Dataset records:
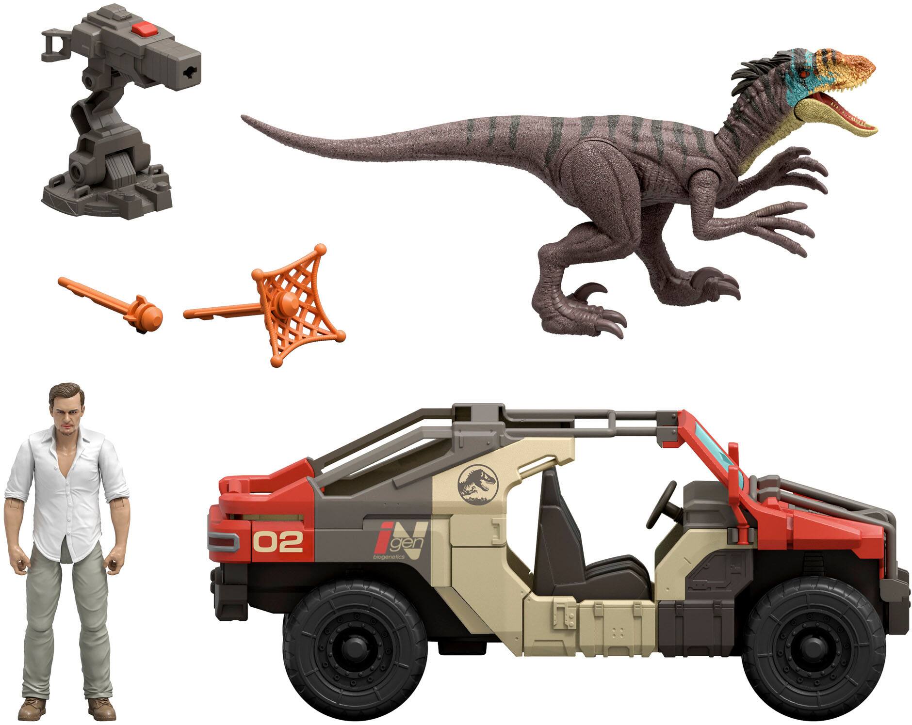 - A:Answer Yes, this vehicle set includes a Velociraptor.
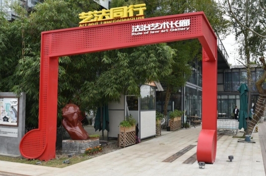 川音藝谷法治文化體驗(yàn)基地位于新都區(qū)石板灘街道韓娥社區(qū),基地以做實(shí)普法體驗(yàn)場景、做強(qiáng)法治藝創(chuàng)產(chǎn)業(yè)、做精藝創(chuàng)法律服務(wù)、做優(yōu)園區(qū)法治化營商環(huán)境為抓手,積極探索“守法普法”的新模式。基地門頭采用二八音樂符號藝術(shù)變型設(shè)計(jì),突出普法抓住“關(guān)鍵少數(shù)”。法治雕塑廣場采用經(jīng)典法治故事雕刻作品,展現(xiàn)民法典基本原則理念。法治長廊采用法治藝術(shù)場景引導(dǎo)+典型案例釋法拓展+交互教育沉浸體驗(yàn)的方式展現(xiàn)熊博士的法治人生。同時(shí),使用四川獨(dú)有物種熊貓,創(chuàng)作形象的熊貓法字LOGO;借鑒新都漢朝說唱俑,創(chuàng)作說法熊貓吉祥物。與川音藝谷項(xiàng)目的運(yùn)營方建立合作機(jī)制,舉辦新都區(qū)法治文化作品展覽、評選活動(dòng),鼓勵(lì)創(chuàng)作具有法治內(nèi)涵的雕塑、書法、攝影、音樂等藝術(shù)產(chǎn)品作品。此外,基地布局川音藝谷法律之家,發(fā)揮社區(qū)法律顧問服務(wù)團(tuán)隊(duì)的作用,積極為項(xiàng)目建設(shè)提供合同合法性審查等法律服務(wù),為川音藝谷文創(chuàng)園建設(shè)保駕護(hù)航?;剡€設(shè)立川音藝谷知識產(chǎn)權(quán)保護(hù)工作站,融合多部門的職能作用,營造良好的國際營商環(huán)境,增強(qiáng)藝創(chuàng)產(chǎn)業(yè)創(chuàng)作創(chuàng)新的活力。
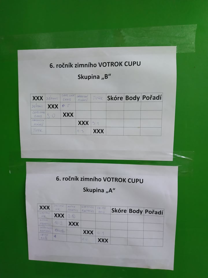 V sobotu 5.1. 2019 se uskutečnil již 6. ročník zimního halového turnaje Votrok Cup. Stejně jako v ročníku předešlém, tak i v tom šestém jsme turnaj připravili až po novém roce, aby se shodilo nějaké to kilo z vánočního cukroví a bramborového salátu. Turnaj byl opět stejně jako loni pouze pro osm týmů, což je pro nás ideální počet, vzhledem k tomu, že má hala, ve které se turnaj pořádá pouze jedno hřiště.
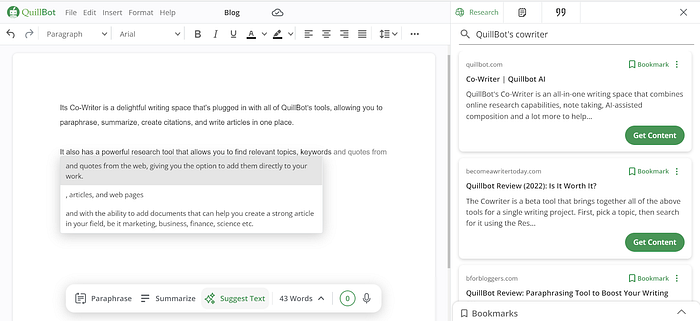 Its Co-Writer is a much more delightful and powerful writing space than Google Docs, where you can use all of QuillBot’s tools in one place, which speeds up your writing.
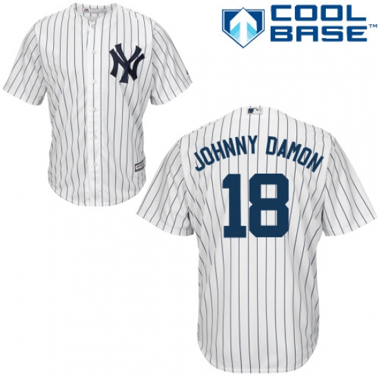 Home>MLB>New York Yankees>Johnny Damon>Men's Majestic New York Yankees #18 Johnny Damon Replica White Home MLB Jersey
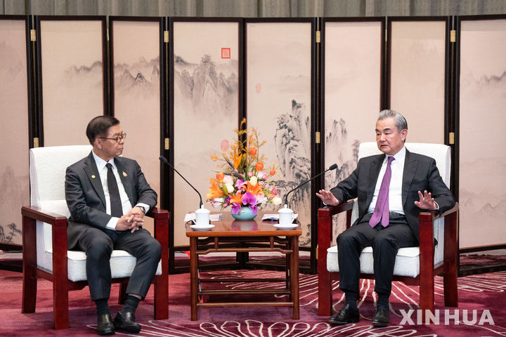 캄보디아-태국 외교 수장과 나란히 선 왕이 외교부장
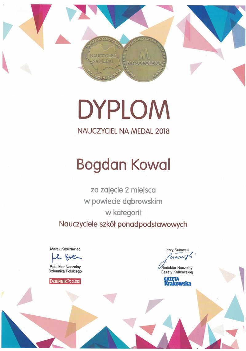Zgłoszenie jest formą wyróżnienia najbardziej charyzmatycznych nauczycieli, a wysoka pozycja w plebiscycie świadczy o sympatii, autorytecie i szacunku, którymi cieszą się oni wśród licznych głosujących. Gratulujemy panu Kowalowi drugiego miejsca w plebiscycie i mamy nadzieję, że jeszcze przez wiele lat będzie z właściwą sobie energią, poczuciem humoru i profesjonalizmem kształcił i wychowywał kolejne pokolenia młodzieży.
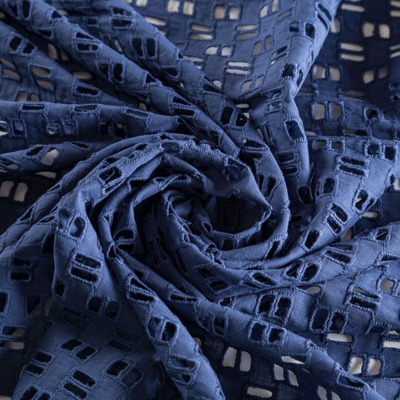 Мягкий и нежный хлопок фиолетово-синего оттенка с геометрической вышивкой и перфорацией. Узор выполнен путём машинной вышивки нитками в цвет ткани и расположен по всему полотну. Фактура ткани однородная, имеет тенденцию к сминаемости, не тянется, приятная на ощупь. Может потребоваться подклад. Идеально подходит для создания летних платьев, сарафанов, юбок, блузок и топов.
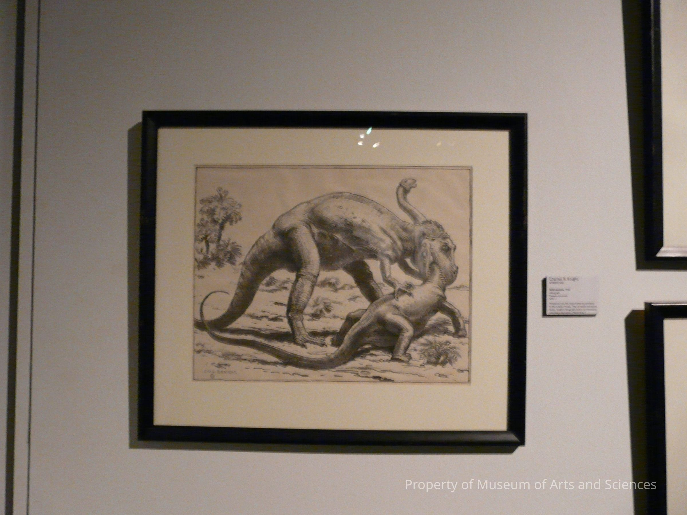 Allosaurus was the most numerous predator in the Jurassic Period. They probably hunted in packs. Knight’s lithograph shows an Allosaurus attacking a Sauropod, (“lizard foot.”)Collection
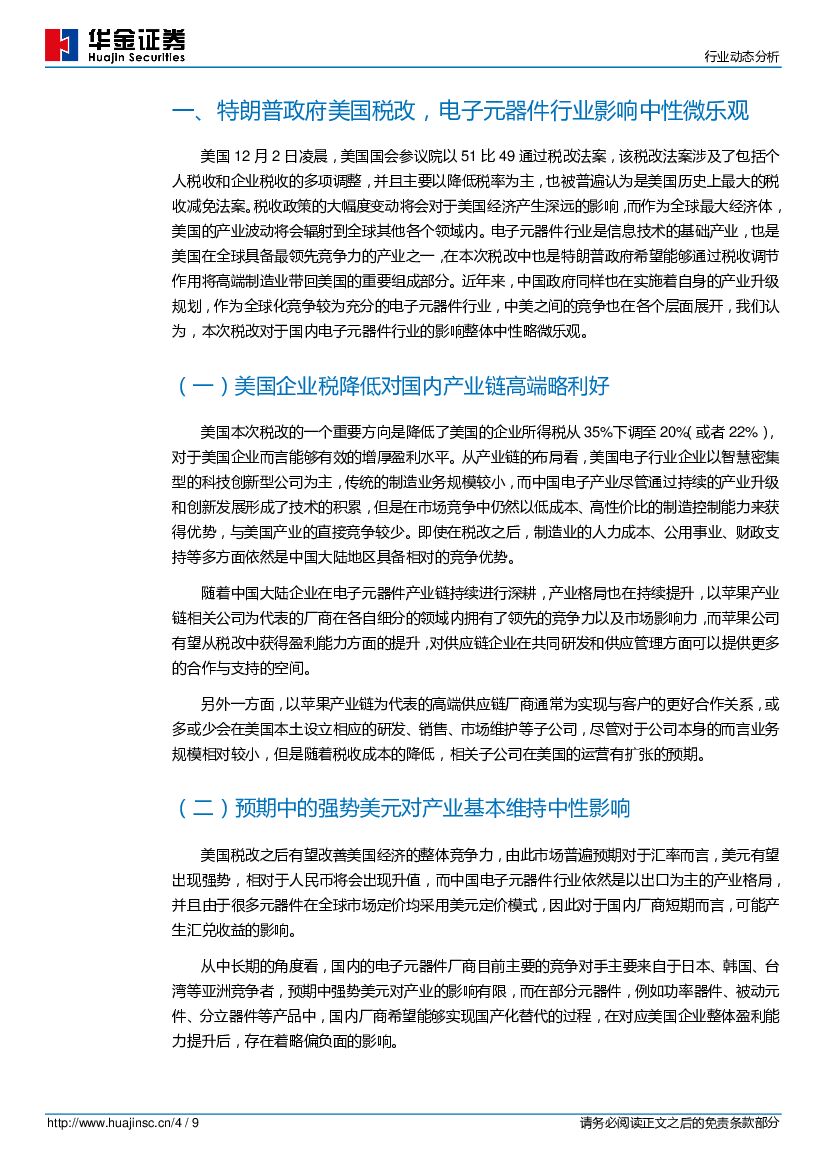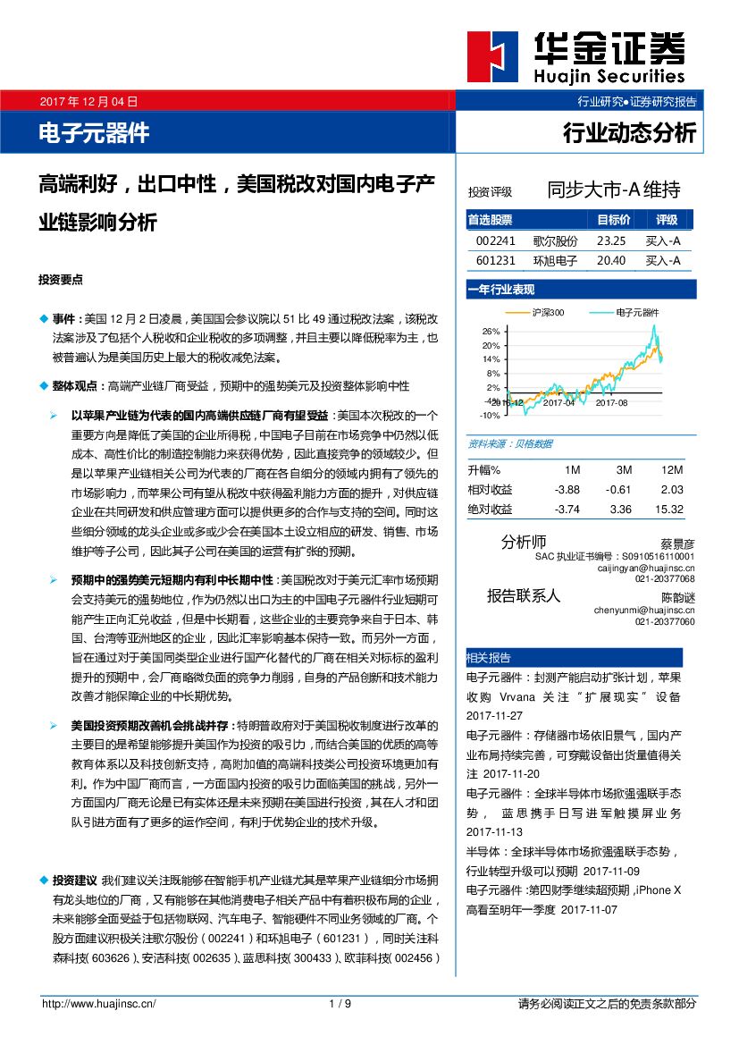 华金证券:电子元器件行业动态分析:高端利好,出口中性,美国税改对国内电子产业链影响分析.pdf
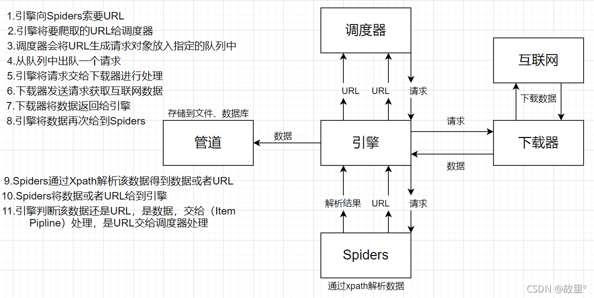 - 引擎:自动运行,无需关注,会自动组织所有的请求对象,分发给下载器。
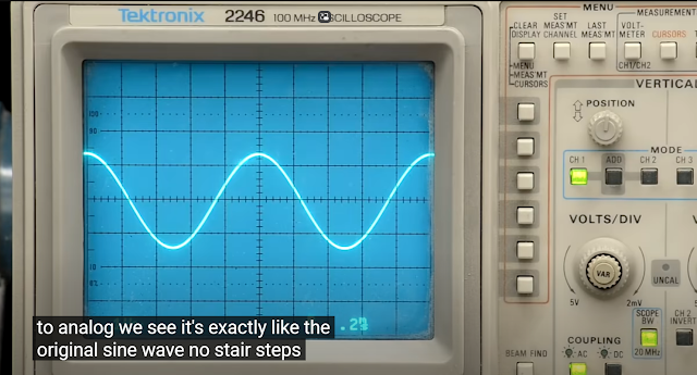 How often you see a "perfect" and "smooth" sine wave on an oscilloscope (as shown above) when someone was attempting to "prove" that CD-quality music can reconstruct the analog output like the original.
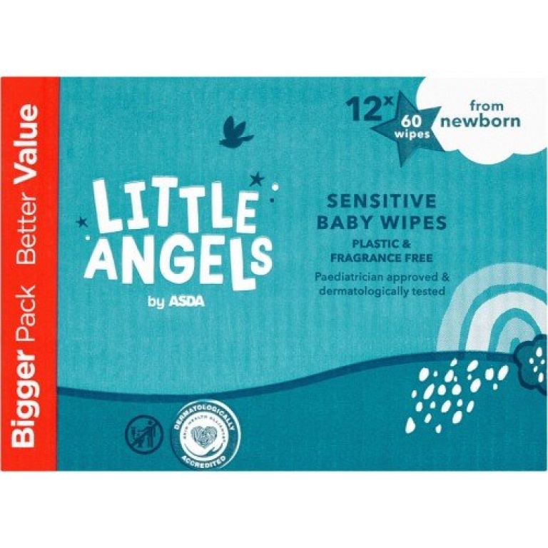 Little Angels Plastic Free, Fragrance Free Sensitive Wipes (12 x 60 Wipes)
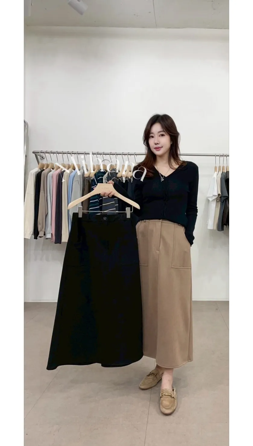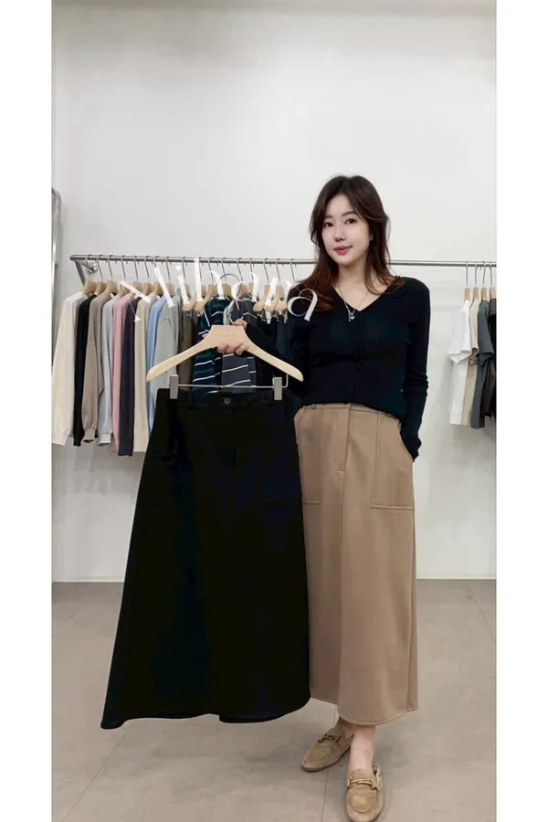 A9 1103錢錢歐膩家後開衩A字麂皮半裙
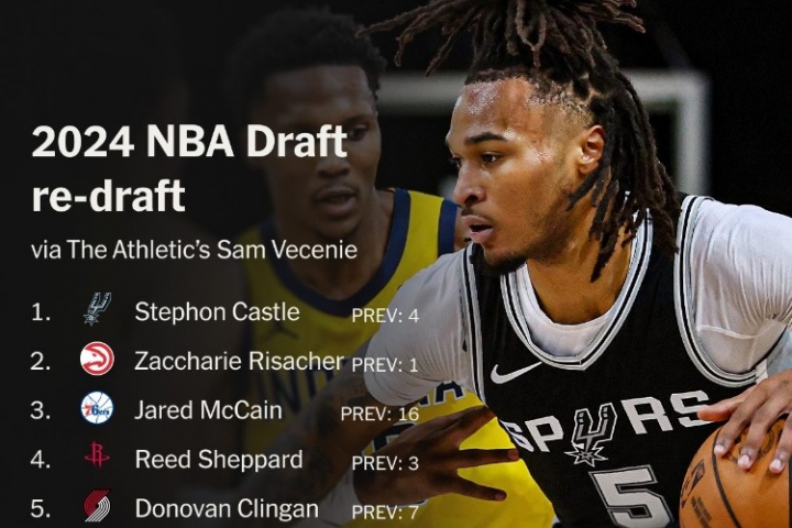 體育資訊08月15日訊 TA記者Sam Vecenie重排了2024年選秀前十,以下是詳細情況:
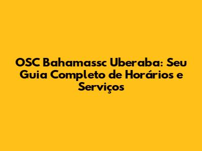 OSC Bahamassc Uberaba: Tudo Sobre Horários E Serviços
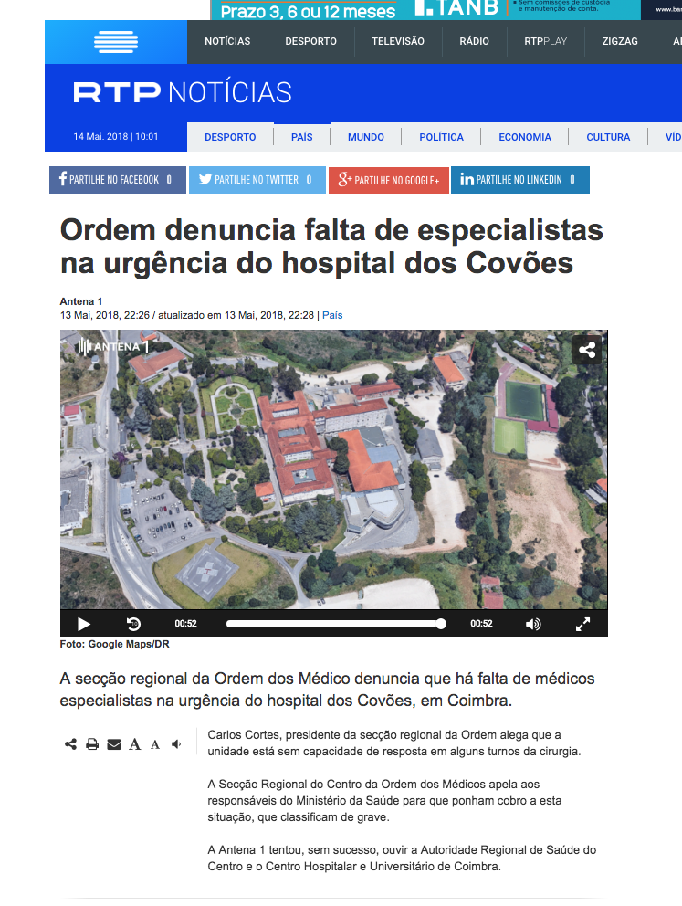 Ordem denuncia falta de especialistas na urgência do hospital dos Covões
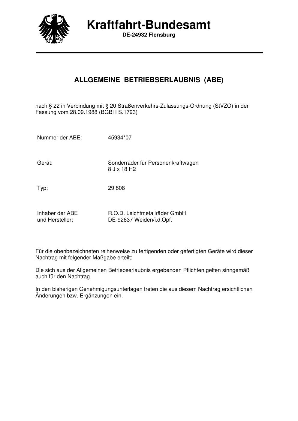 Dieses Gutachten (ABE) bezieht sich auf die Alufelge Rondell 0029 in der Ausführung 8Jx18 ET 0, Mittenloch 0 mm (KBA 45934). Im PDF findest du typischerweise zulässige Reifengrößen, Auflagen/Anbauhinweise und – je nach Dokument – Hinweise zur Eintragung.
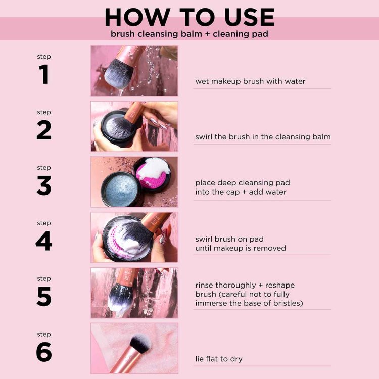 Swirl brush head into the cleansing balm for full coverage. Place deep cleansing pad into the cap and add warm water. Swirl bristles onto until makeup waste is removed. Careful not to immerse base of bristles. Reshape and dry flat or upside-down.
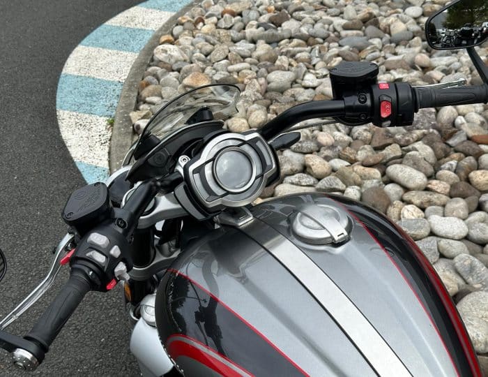 Moto posée à l’arrêt, quelques rayures côté droit : embout de silencieux frotté, Rétroviseur frotté et protection de frein griffé
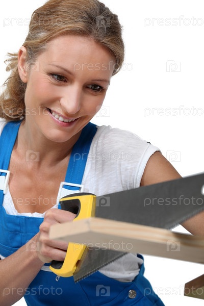 Женщина, одетая в синий комбинезон, пилит доску
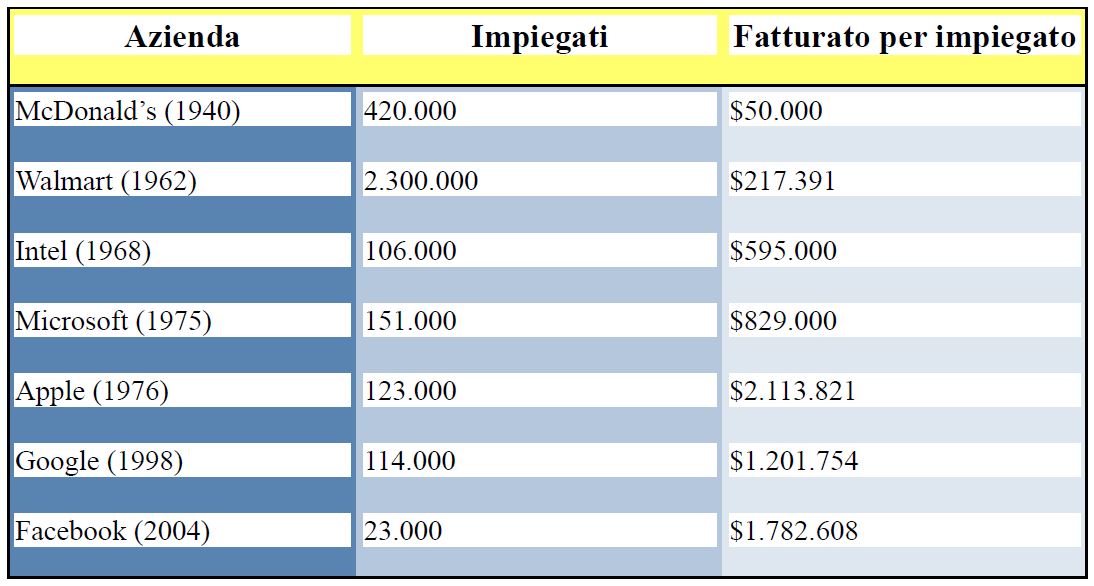 McDonald’s è stata fondata nel 1940, può dunque essere considerata un’azienda anziana, e il fatturato per dipendente è di 50.000 dollari. Man mano che ci avviciniamo a tempi moderni si nota una progressiva diminuzione del numero di lavoratori occupati e un aumento della quantità di ricchezza che ogni dipendete crea (unica eccezione è Walmart; anche se negli ultimi anni anch’essa sta cedendo il passo all’automazione).

Exercise description | From the records above, copy only the lines running from the line containing "Allosaurus was the" to the line containing "Swirl brush head", both ends included. Leave the pictures out.

Result of the exercise |
 Allosaurus was the most numerous predator in the Jurassic Period. They probably hunted in packs. Knight’s lithograph shows an Allosaurus attacking a Sauropod, (“lizard foot.”)Collection
 华金证券:电子元器件行业动态分析:高端利好,出口中性,美国税改对国内电子产业链影响分析.pdf
 - 引擎:自动运行,无需关注,会自动组织所有的请求对象,分发给下载器。
 How often you see a "perfect" and "smooth" sine wave on an oscilloscope (as shown above) when someone was attempting to "prove" that CD-quality music can reconstruct the analog output like the original.
 Little Angels Plastic Free, Fragrance Free Sensitive Wipes (12 x 60 Wipes)
 A9 1103錢錢歐膩家後開衩A字麂皮半裙
 體育資訊08月15日訊 TA記者Sam Vecenie重排了2024年選秀前十,以下是詳細情況:
 OSC Bahamassc Uberaba: Tudo Sobre Horários E Serviços
 Ordem denuncia falta de especialistas na urgência do hospital dos Covões
 Dieses Gutachten (ABE) bezieht sich auf die Alufelge Rondell 0029 in der Ausführung 8Jx18 ET 0, Mittenloch 0 mm (KBA 45934). Im PDF findest du typischerweise zulässige Reifengrößen, Auflagen/Anbauhinweise und – je nach Dokument – Hinweise zur Eintragung.
 Swirl brush head into the cleansing balm for full coverage. Place deep cleansing pad into the cap and add warm water. Swirl bristles onto until makeup waste is removed. Careful not to immerse base of bristles. Reshape and dry flat or upside-down.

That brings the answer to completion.